Monday, December 27, 2010

South London Pop Star of the Year (1): Tinie Tempah

The 2010 South London Pop Star of the year (male department) was undoubtedly Tinie Tempah. He's had two number one singles in the past 12 months, "Pass Out" and "Written in the Stars", and a number one album "Disc-Overy". Born Patrick Okogwu, he told the Evening Standard earlier this year:

"I lived in Peckham for the first 12 years of my life and then my mum and dad decided they really didn't want to bring up their children there. So they saved up money and bought a house in Plumstead, semi-detached, three bedrooms. I remember going into it the first day and the first place I ran into was the back garden. I was saying, 'Oh shit, we have a back garden!'"

His most recent single, Invincible, features some film of him returning to his old school in Abbey Wood (SE2): St Paul's R.C. Secondary School, now known as St.Pauls Academy. On Radio One on Boxing Day he highlighted his visit to the school as one of his best moments of the year, mentioning that they now have a Tinie Tempah Music Studio. He went on to study A Levels at St Francis Xavier Sixth Form College in Balham (SW12).

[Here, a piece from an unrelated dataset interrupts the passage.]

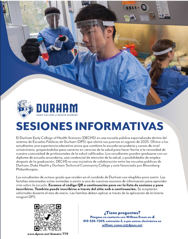 Sesiones Informativas Durham Early College of Health Sciences
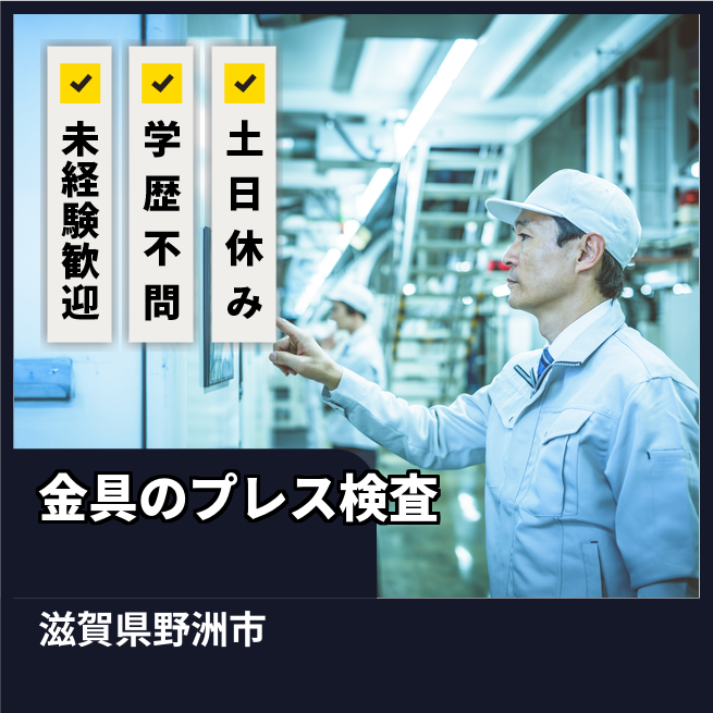 給与詳細 月収例 306,375円 日給例 12,000円 勤務地 滋賀県野洲市 仕事内容 自動車用ねじや金具(ワッシャー)を製造する工場にて、➀金属素材をプレス機械にセットする作業②プレス後のワッシャーを箱がいっぱいになったものをパレットに積み替える作業③ワッシャーに不良がないか目視検査する作業 ⑤製品を梱包する作業 をメインで行っていただきます。

Earlier this year he was asked to respond to the Chris Ofili exhibition at Tate Britain, and he chose Ofili's painting No Woman No Cry - a tribute to Stephen Lawrence, who as Tinie Tempah mentions, was murdered in 1993 not far from where he lived (Lawrence also grew up in Plumstead).

Tinie Tempah performed a piece at the gallery reflecting on the painting, the murder ('RIP to Stephen Lawrence') and on his connection with Ofili (they are both from Nigerian backgrounds):

According to the Tate website: 'No Woman No Cry is a tribute to the London teenager Stephen Lawrence. The Metropolitan police investigation into his racially motivated murder was mishandled, and a subsequent inquiry described the police force as institutionally racist. In each of the tears shed by the woman in the painting is a collaged image of Stephen Lawrence’s face, while the words ‘R.I.P. Stephen Lawrence’ are just discernible beneath the layers of paint. Despite these specific references, the artist also intended the painting to be read in more general terms, as a universal portrayal of melancholy and grief'.